Author brings historical figure Isabella Beecher Hooker out of the shadows

By Brenda Sullivan - ReminderNews
Colchester - posted Tue., Sep. 3, 2013
Susan Campbell at the Cragin Memorial Library, as part of the Connecticut Authors Trail series, delivered an engaging and humorous talk about her biography, ‘Tempest-Tossed: The Spirit of Isabella Beecher Hooker,’ to be published in March 2014. Photo by Brenda Sullivan.
Susan Campbell at the Cragin Memorial Library, as part of the Connecticut Authors Trail series, delivered an engaging and humorous talk about her biography, ‘Tempest-Tossed: The Spirit of Isabella Beecher Hooker,’ to be published in March 2014. Photo by Brenda Sullivan.

The attractive, strong-willed, sharply intelligent and charismatic Isabella Beecher Hooker born in 1822 in Litchfield, Conn., would - for a time - become the Oprah Winfrey of her day. This taste of celebrity – and the social/political influence that can come with it – would be relatively short-lived.

Not unlike the fickle fate of the famous today, the same people who would stand in long lines for her speaking tours would later brand her as “crazy” and then forget her.

The most vocal of her detractors would be her own family, whose most famous member was Harriet Beecher Stowe, author of “Uncle Tom’s Cabin.” The Harriet Beecher Stowe Center neighbors the well-known Mark Twain House in Hartford.

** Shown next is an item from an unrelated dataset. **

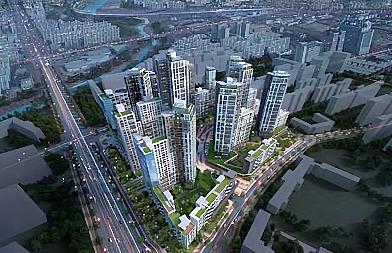 지하 2층에서 지상 35층 14개 동 약 1670세대가 들어서는 단지로 청계천에서 이 정도면 대단지 아파트다.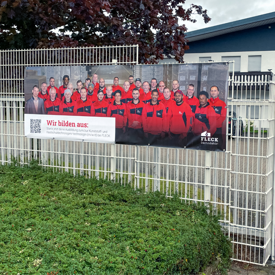 FLECK suchte u. a. mit diesen Zaunbannern an beiden Standorten nach Auszubildenden.

This portrait of Isabella, a woman who should be as much a topic of American history as her half-sister Harriet, was revealed in an engaging and humorous talk that brought Isabella out of the shadows and gave her a voice, as conveyed by author Susan Campbell.

Campbell spoke Aug. 29 at the Cragin Memorial Library as part of the annual Connecticut Authors Trail series. Campbell is a former columnist for The Hartford Courant; the award-winning author of “Marrying Jesus,” about growing up in a fundamentalist home; and co-host of a blog called Hot Dogma (http://hot-dogma.com ). Her new biography, “Tempest-Tossed: The Spirit of Isabella Beecher Hooker,” will be published in March 2014.

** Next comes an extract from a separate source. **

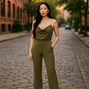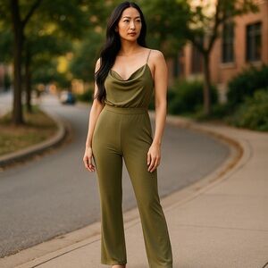 Jason Wu Size M Green Gold Cowl Neck Flare Leg Jumpsuit

Campbell told an audience of about 40 history buffs the origins of her new book was a story she wrote that left her dissatisfied and pushed her to do more research, as well as a husband who probably tired of hearing a subject Campbell said she worked into most conversations, who politely suggested, “Why don’t you write a book?”

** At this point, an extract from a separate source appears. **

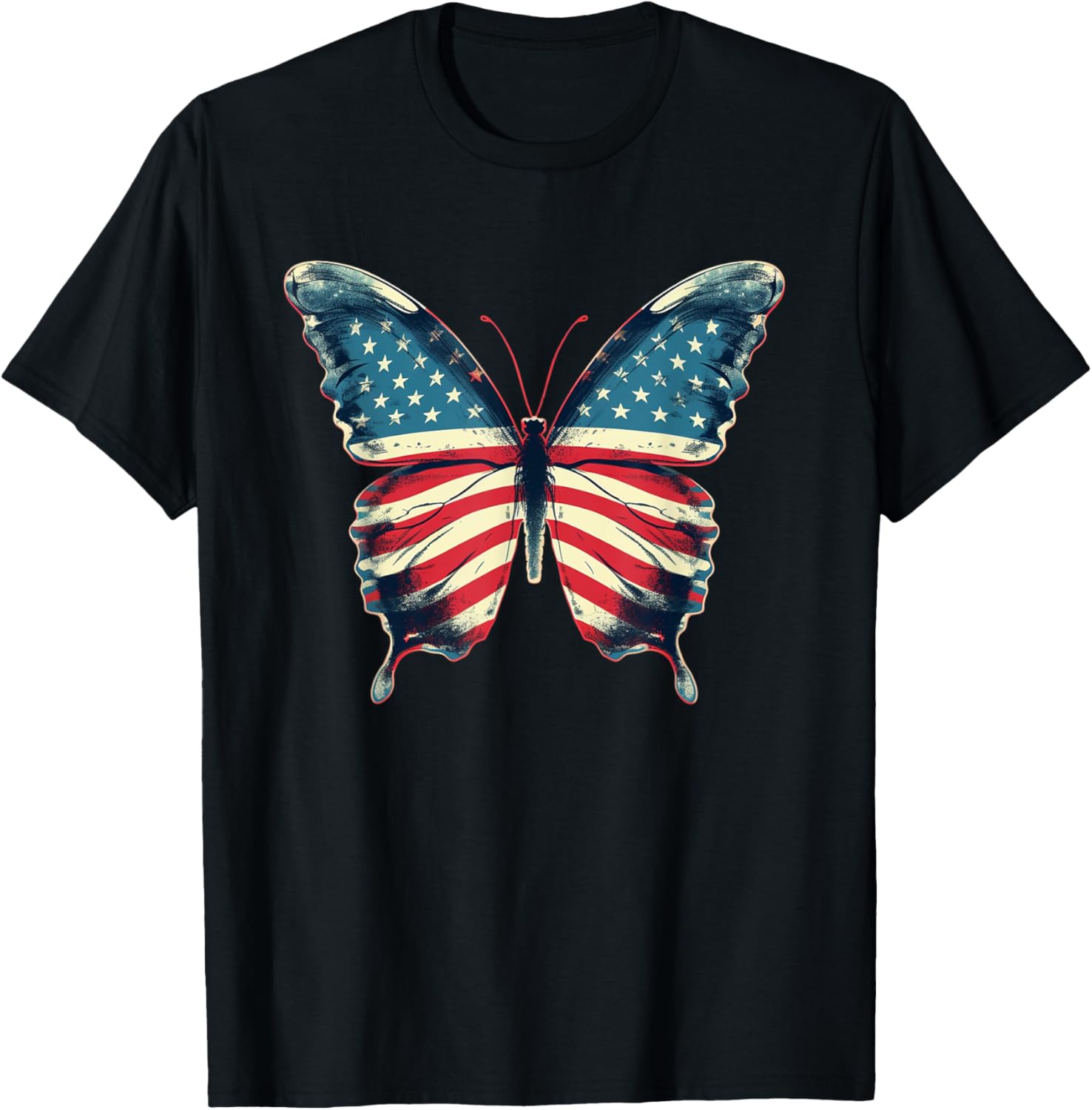 Butterfly USA Flag Vintage Cute American 4th Of July Girl T-Shirt

Campbell led the audience through the unusual events of Isabella’s life, such as the good fortune of marrying a man, John Hooker, who recognized Isabella’s talents and encouraged her to become educated about the abolitionist movement and later joined the fight for women’s rights.

Hooker also was a patient man who accepted Isabella’s conditions for accepting his marriage proposal, including waiting two years for her to finish her education.

Also, because of her husband’s failing eyesight, to help him with his studies, Isabella read his law books to him. Thus, she discovered that as a wife, legally she was no more than an “appendage” of her husband.

She began lobbying legislators with her husband and other supporters of women’s rights, and by 1877, Connecticut became the first state to make it legal for women to own property.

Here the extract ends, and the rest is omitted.